▶ _Problem to work on_
A faithful copy is required: retype the records from their first line through the line with "Moderiert duch Beatrice", and omit the pictures.

[Records from a data source]
* * * * * * * * *

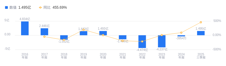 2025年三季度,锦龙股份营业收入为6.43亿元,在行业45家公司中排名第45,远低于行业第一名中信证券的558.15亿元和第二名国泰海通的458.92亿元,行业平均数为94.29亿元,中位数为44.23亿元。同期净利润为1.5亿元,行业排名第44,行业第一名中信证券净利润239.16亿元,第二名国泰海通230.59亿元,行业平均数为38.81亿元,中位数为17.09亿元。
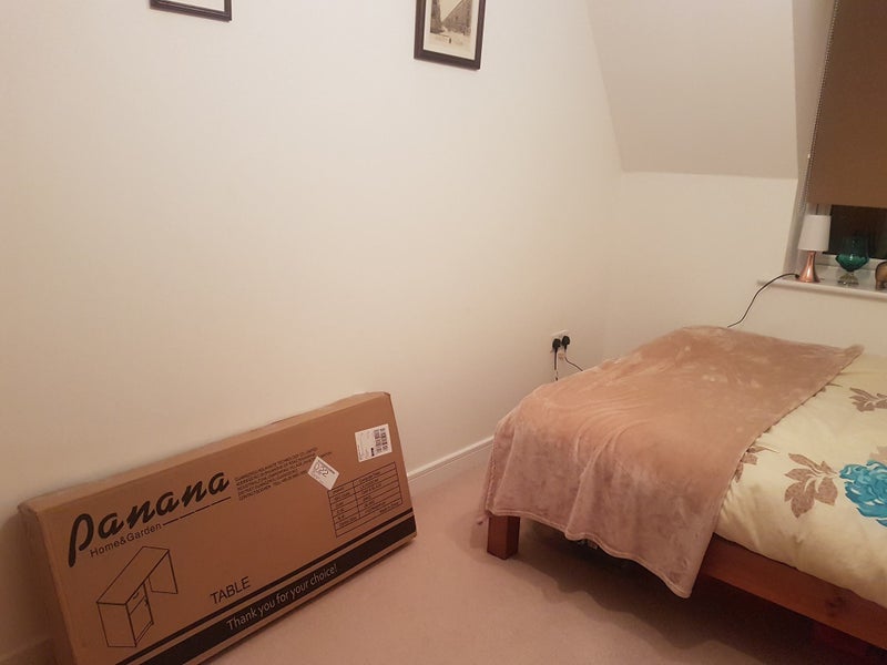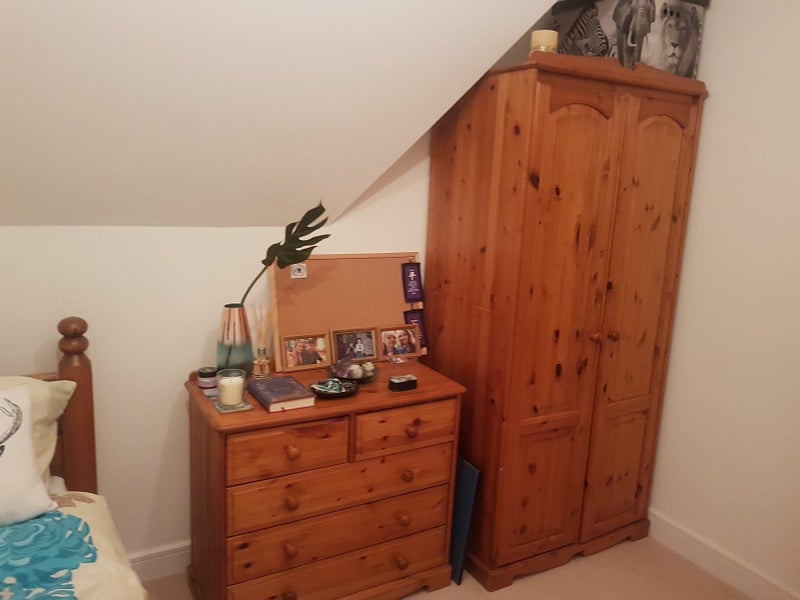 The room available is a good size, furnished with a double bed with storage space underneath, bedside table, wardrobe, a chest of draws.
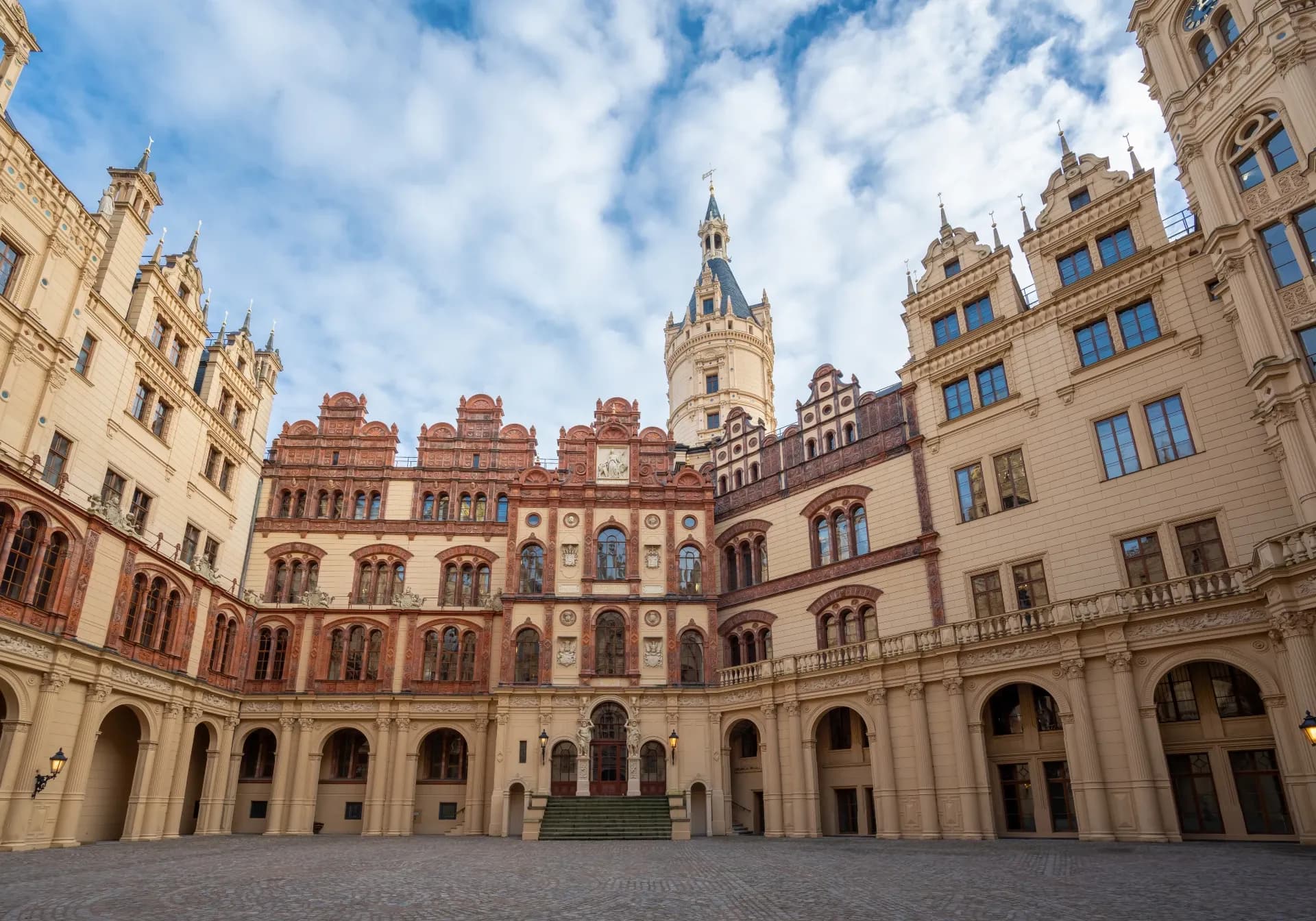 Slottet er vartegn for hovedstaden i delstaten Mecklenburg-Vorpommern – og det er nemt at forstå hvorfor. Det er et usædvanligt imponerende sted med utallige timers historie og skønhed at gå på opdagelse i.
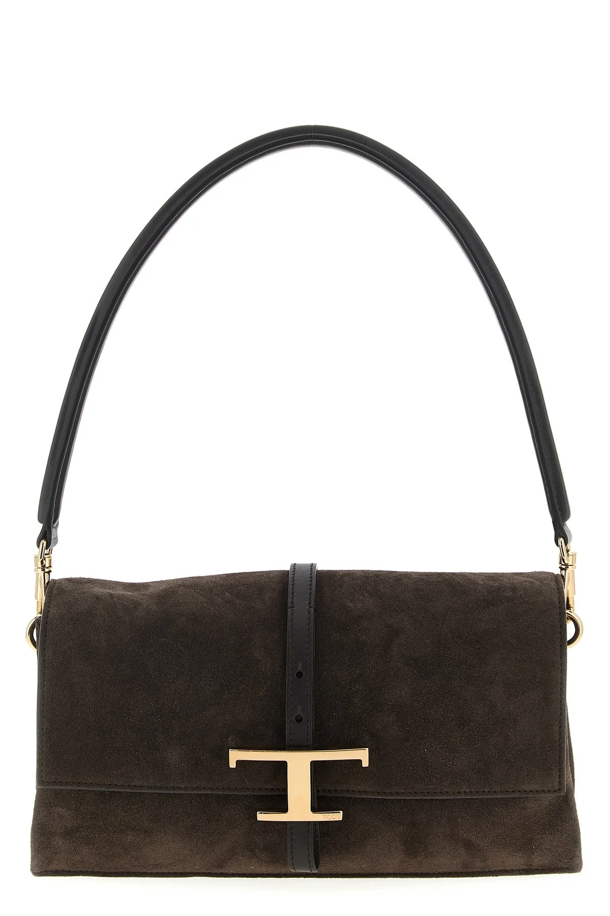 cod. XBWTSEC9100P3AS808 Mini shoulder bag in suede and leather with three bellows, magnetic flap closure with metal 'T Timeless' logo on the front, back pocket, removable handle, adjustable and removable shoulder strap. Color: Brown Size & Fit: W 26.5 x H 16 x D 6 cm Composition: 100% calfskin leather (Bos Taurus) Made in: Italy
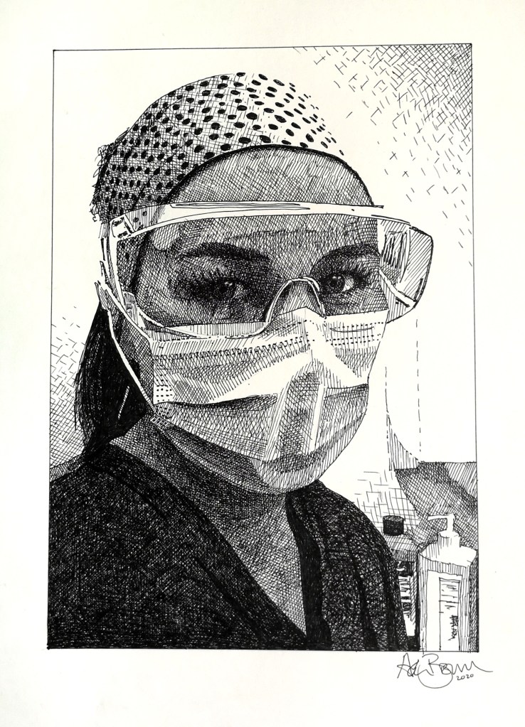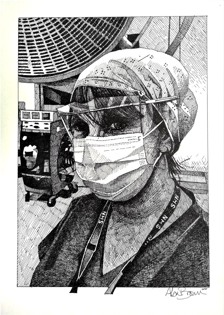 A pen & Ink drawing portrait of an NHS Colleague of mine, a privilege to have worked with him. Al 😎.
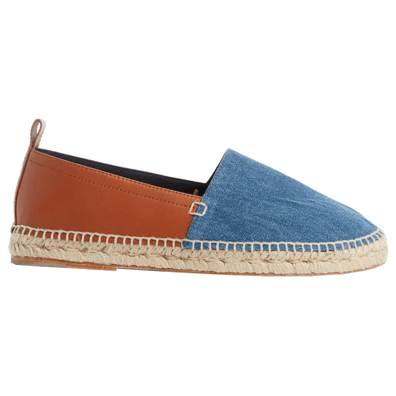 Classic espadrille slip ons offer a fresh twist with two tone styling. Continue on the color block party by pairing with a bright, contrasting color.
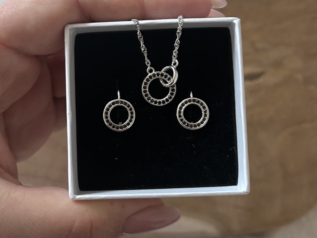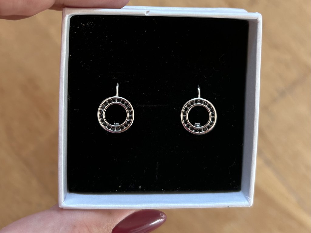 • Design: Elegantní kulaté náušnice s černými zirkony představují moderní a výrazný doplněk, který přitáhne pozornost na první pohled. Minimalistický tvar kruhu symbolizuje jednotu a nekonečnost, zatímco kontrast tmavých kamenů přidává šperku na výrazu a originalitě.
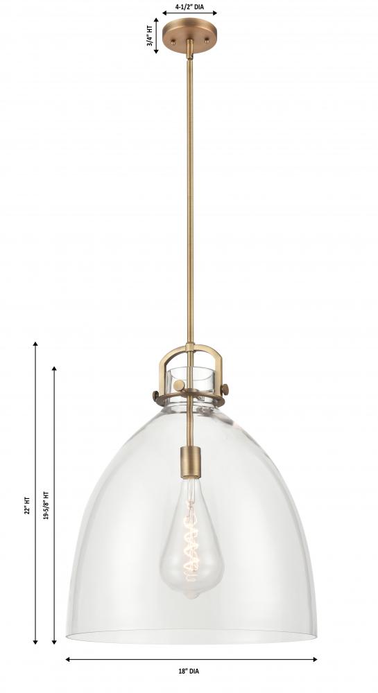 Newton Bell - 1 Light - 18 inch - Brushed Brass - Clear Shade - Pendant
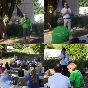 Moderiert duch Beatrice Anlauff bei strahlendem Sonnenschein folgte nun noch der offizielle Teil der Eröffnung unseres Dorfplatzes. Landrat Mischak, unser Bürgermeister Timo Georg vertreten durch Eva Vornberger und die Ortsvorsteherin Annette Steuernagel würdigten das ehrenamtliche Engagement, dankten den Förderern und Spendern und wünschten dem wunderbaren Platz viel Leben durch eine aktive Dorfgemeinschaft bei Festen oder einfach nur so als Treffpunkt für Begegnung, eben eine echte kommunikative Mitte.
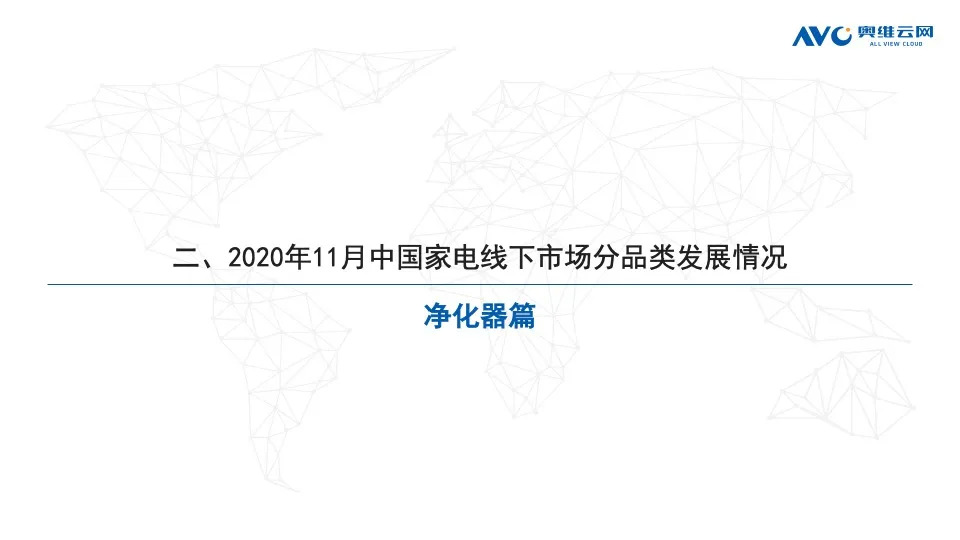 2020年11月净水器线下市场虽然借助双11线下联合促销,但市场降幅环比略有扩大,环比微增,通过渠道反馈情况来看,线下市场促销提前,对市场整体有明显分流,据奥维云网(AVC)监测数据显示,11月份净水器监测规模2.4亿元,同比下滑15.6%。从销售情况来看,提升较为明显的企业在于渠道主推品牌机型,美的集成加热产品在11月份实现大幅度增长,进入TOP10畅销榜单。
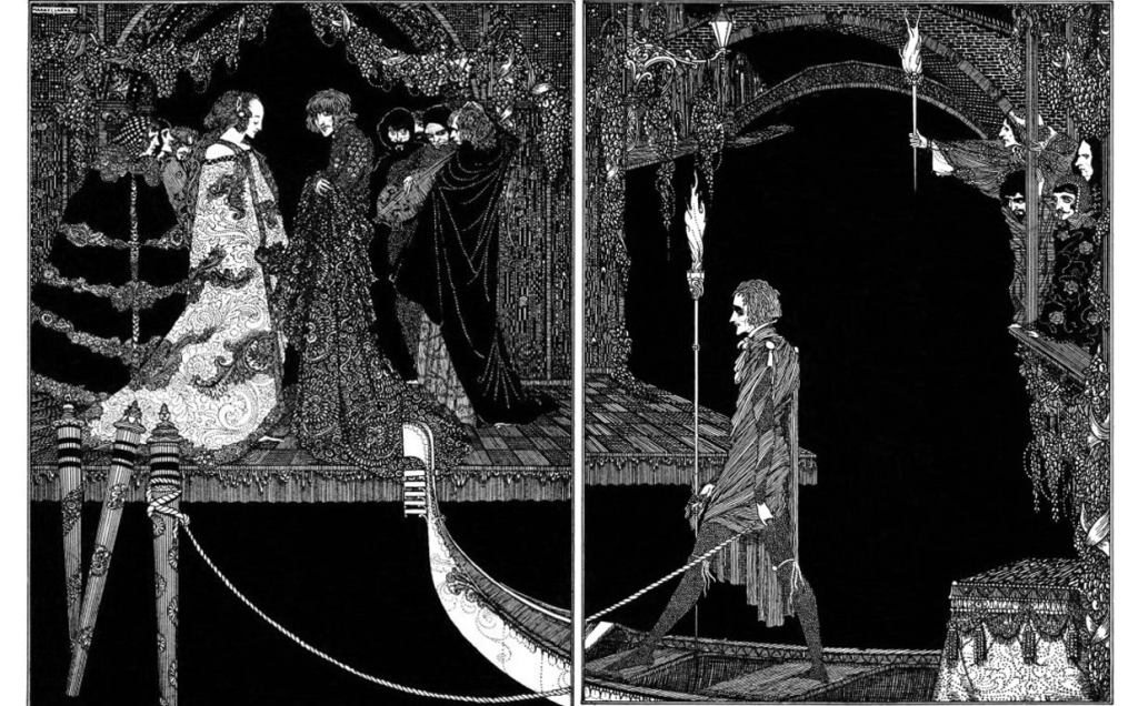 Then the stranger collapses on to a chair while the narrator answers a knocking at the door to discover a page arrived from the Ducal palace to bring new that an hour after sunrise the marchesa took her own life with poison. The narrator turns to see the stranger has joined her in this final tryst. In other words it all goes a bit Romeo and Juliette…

* * * * * * * * *

▶ _Reply to the exercise_
 2025年三季度,锦龙股份营业收入为6.43亿元,在行业45家公司中排名第45,远低于行业第一名中信证券的558.15亿元和第二名国泰海通的458.92亿元,行业平均数为94.29亿元,中位数为44.23亿元。同期净利润为1.5亿元,行业排名第44,行业第一名中信证券净利润239.16亿元,第二名国泰海通230.59亿元,行业平均数为38.81亿元,中位数为17.09亿元。
 The room available is a good size, furnished with a double bed with storage space underneath, bedside table, wardrobe, a chest of draws.
 Slottet er vartegn for hovedstaden i delstaten Mecklenburg-Vorpommern – og det er nemt at forstå hvorfor. Det er et usædvanligt imponerende sted med utallige timers historie og skønhed at gå på opdagelse i.
 cod. XBWTSEC9100P3AS808 Mini shoulder bag in suede and leather with three bellows, magnetic flap closure with metal 'T Timeless' logo on the front, back pocket, removable handle, adjustable and removable shoulder strap. Color: Brown Size & Fit: W 26.5 x H 16 x D 6 cm Composition: 100% calfskin leather (Bos Taurus) Made in: Italy
 A pen & Ink drawing portrait of an NHS Colleague of mine, a privilege to have worked with him. Al 😎.
 Classic espadrille slip ons offer a fresh twist with two tone styling. Continue on the color block party by pairing with a bright, contrasting color.
 • Design: Elegantní kulaté náušnice s černými zirkony představují moderní a výrazný doplněk, který přitáhne pozornost na první pohled. Minimalistický tvar kruhu symbolizuje jednotu a nekonečnost, zatímco kontrast tmavých kamenů přidává šperku na výrazu a originalitě.
 Newton Bell - 1 Light - 18 inch - Brushed Brass - Clear Shade - Pendant
 Moderiert duch Beatrice Anlauff bei strahlendem Sonnenschein folgte nun noch der offizielle Teil der Eröffnung unseres Dorfplatzes. Landrat Mischak, unser Bürgermeister Timo Georg vertreten durch Eva Vornberger und die Ortsvorsteherin Annette Steuernagel würdigten das ehrenamtliche Engagement, dankten den Förderern und Spendern und wünschten dem wunderbaren Platz viel Leben durch eine aktive Dorfgemeinschaft bei Festen oder einfach nur so als Treffpunkt für Begegnung, eben eine echte kommunikative Mitte.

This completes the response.